Figure 4. In the region of the proximal crh promoter, Dex increases crh occupancy by GR and HDAC1, and leads to increased Ac-H4.

Figure 4

Open in a new tab

ChIP analyses were performed to determine (A) GR occupancy, (B) HDAC1 and 3 occupancy, and (C) degree of H4 and H3 pan-acetylation. As in the case of the ICC experiments (Figs 1 and 3), cells were treated for 2 hrs. Error bars represent SEM. n=3–5 for each ChIP analysis. Vehicle is taken as one (left bars). (*) Dex treatment is significantly different than vehicle for GR (p<0.003) and HDAC1 (p<0.014) occupancy, and for the degree of H4 acetylation (p<0.006).
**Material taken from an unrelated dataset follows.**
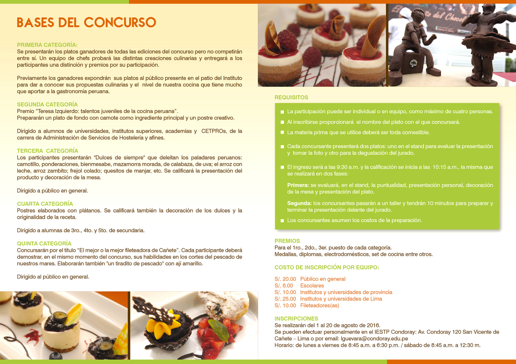 “Sabores de Cañete” se llevará a cabo en la sede de Condoray como parte de las actividades de la Semana de Cañete. Se puede participar en forma individual o en equipo de hasta cuatro integrantes. Quienes ocupen los tres primeros lugares en cada categoría serán premiados con medallas, trofeos y electrodomésticos y sets de cocinas donados por distintas empresas.

3.1.5 CRH-ir co-localizes with HDAC1- & 3-ir in the mpPVH

To study the effects of Dex in vivo, rats were subjected to adrenalectomy (ADX) with or without Dex treatment. Numerous cells displayed HDACs and histone acetylation marks. Furthermore, immunoreactivity for both HDACs and Ac-H3 and -H4 co-localized with CRH-ir, suggesting physiologic relevance of histone acetylation to crh regulation (Figs. 5 & 6).

Figure 5. HDACs 1 and 3-ir are present in CRH-ir PVH parvocellular neurons.

Figure 5

Open in a new tab

Hypothalamic sections from Sham ADX (A, E), ADX (B, F), and ADX + Dex (C, G) treated rats were examined for CRH-ir (red) and HDAC1- and 3-ir (green). (D,H) There is no significant difference between treatments for either combined HDAC1- and CRH-ir (D) or combined HDAC3- and CRH-ir (H). Bars: Low magnification =100µm; high magnification (inset) = 20µm. (△) no co-colocalization, (▲) co-localization.
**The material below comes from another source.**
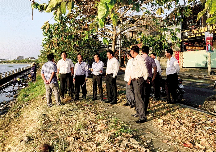 Ðoàn giám sát của Ban Ðô thị tái giám sát tại dự án Hồ Búng Xáng tại phường An Khánh, quận Ninh Kiều.

Figure 6. Dex replacement leads to increased numbers of pan-acetylated H3- and H4- ir in CRH-ir PVH parvocellular neurons.

Figure 6

Open in a new tab

Hypothalamic sections from Sham ADX (A, E), ADX (B, F), and ADX + Dex (C, G) treated rats were examined for CRH-ir (red) and pan-Ac H3- or 4-ir (green). (D,H) The number of CRH-ir cells that display either Ac-H3- or Ac-H4- ir increases after ADX. This increase is attenuated in the presence of Dex. Bars: Low magnification =100µm; high magnification (inset) = 20µm. (*) Significantly different from SHAM and ADX+DEX p<0.05. (▲) co-localization.

As predicted from numerous studies, ADX led to an increased number of CRH-ir cells (here 2–3 fold), which was attenuated by treatment with Dex (Figs. 5 & 6, B & F and data not shown). The number of neurons that displayed dual immunoreactivity for CRH-ir and either HDAC1 or 3 was determined across treatments. There were no significant differences between treatments for either HDAC1 and HDAC3 (Fig 4D and H). In distinction, the number of Ac-H3 and –H4 –ir cells that displayed CRH-ir increased after ADX (Fig 6 D and H) and were reduced by Dex administration.

4.1 Discussion

4.1.1 Summary

The findings presented indicate that HDAC1 plays a role in glucocorticoid-mediated down regulation of crh expression. Over-expression of HDAC1 restores Dex inhibition of TSA-stimulated crh promoter activity, and Dex leads to increased HDAC1 occupancy in the region of the crh proximal promoter. These findings are specific in that neither happens in the case of HDAC3. Specificity is also present in the degree to which H3 and H4 acetylation is present in the proximal region of the promoter. There is no response to Dex in the degree of H3 acetylation, whereas the degree of H4 acetylation increases. In addition, the in vivo findings reveal co-localization of CRH-ir with both HDACs and with both pan-AcH3 and -AcH4; thus, the in vitro findings likely bear on in vivo regulation of crh expression.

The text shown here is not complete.